- **WORK TO BE COMPLETED**: Verbatim copy, pictures excluded: every line from the one with "Reflections of the" through the final line of the data below, and no other line.

- **DATASET EXTRACT**:
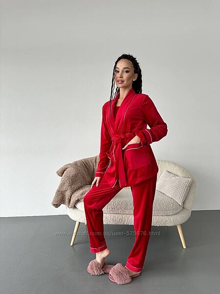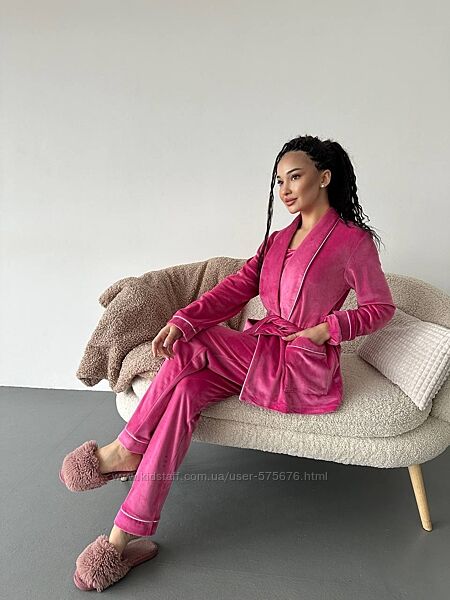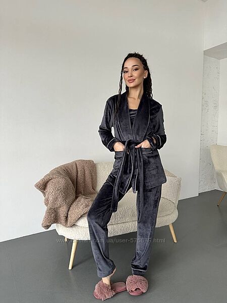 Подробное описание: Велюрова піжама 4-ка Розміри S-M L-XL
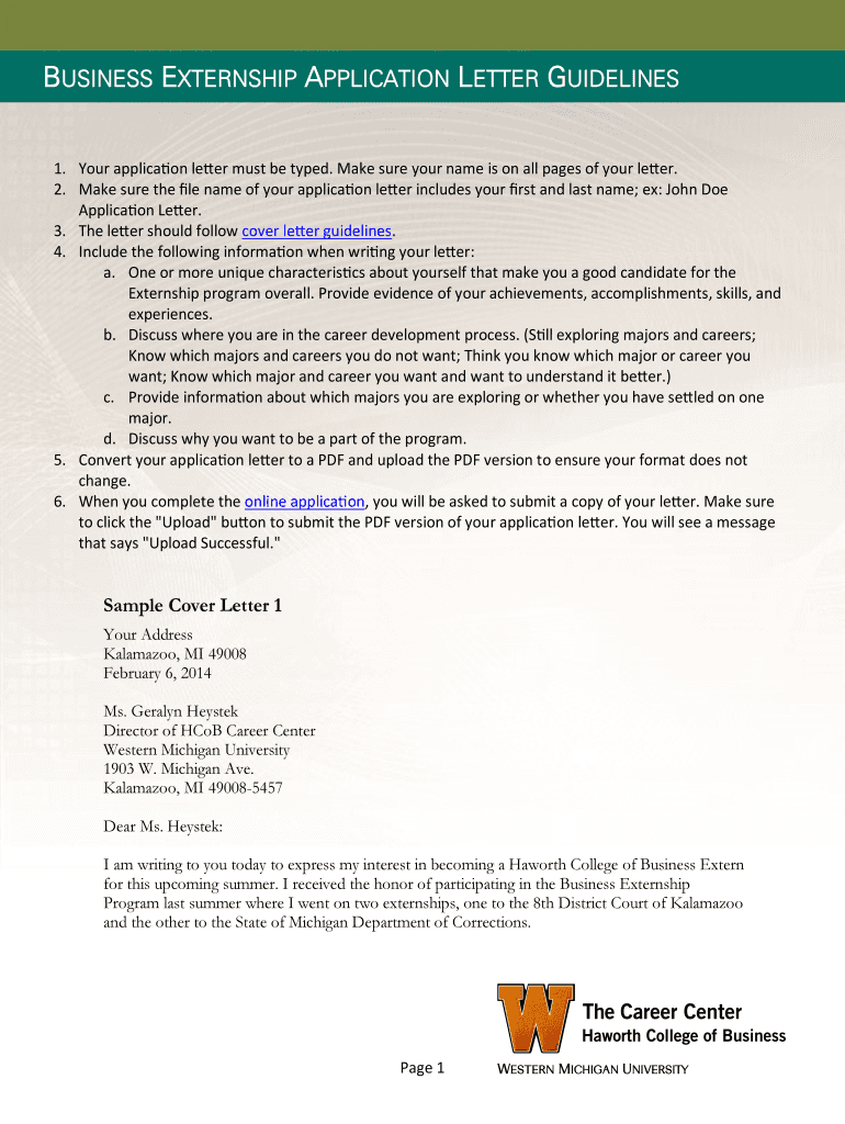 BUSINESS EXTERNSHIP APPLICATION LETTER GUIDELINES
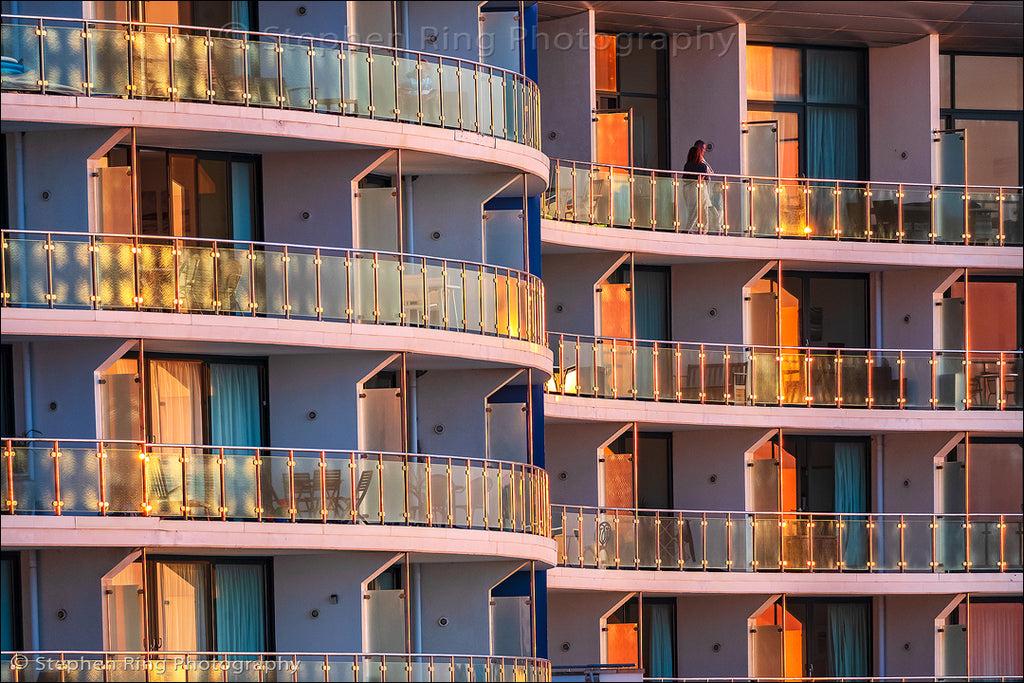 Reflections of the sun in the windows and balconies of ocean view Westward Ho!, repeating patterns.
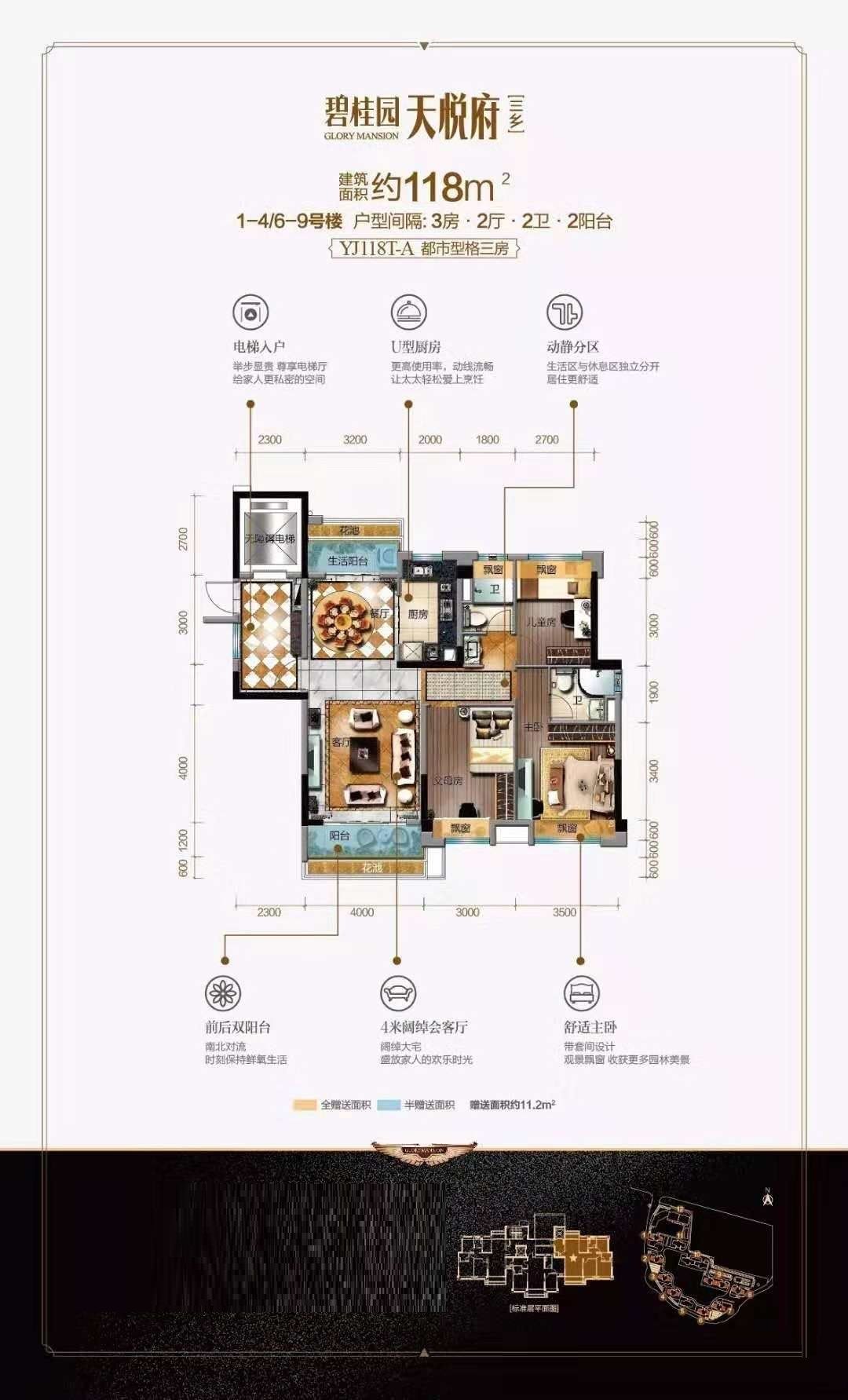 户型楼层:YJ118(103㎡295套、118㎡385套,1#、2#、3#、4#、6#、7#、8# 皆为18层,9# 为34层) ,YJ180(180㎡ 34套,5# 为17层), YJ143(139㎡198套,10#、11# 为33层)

- **ANSWER BOX**:
 Reflections of the sun in the windows and balconies of ocean view Westward Ho!, repeating patterns.
 户型楼层:YJ118(103㎡295套、118㎡385套,1#、2#、3#、4#、6#、7#、8# 皆为18层,9# 为34层) ,YJ180(180㎡ 34套,5# 为17层), YJ143(139㎡198套,10#、11# 为33层)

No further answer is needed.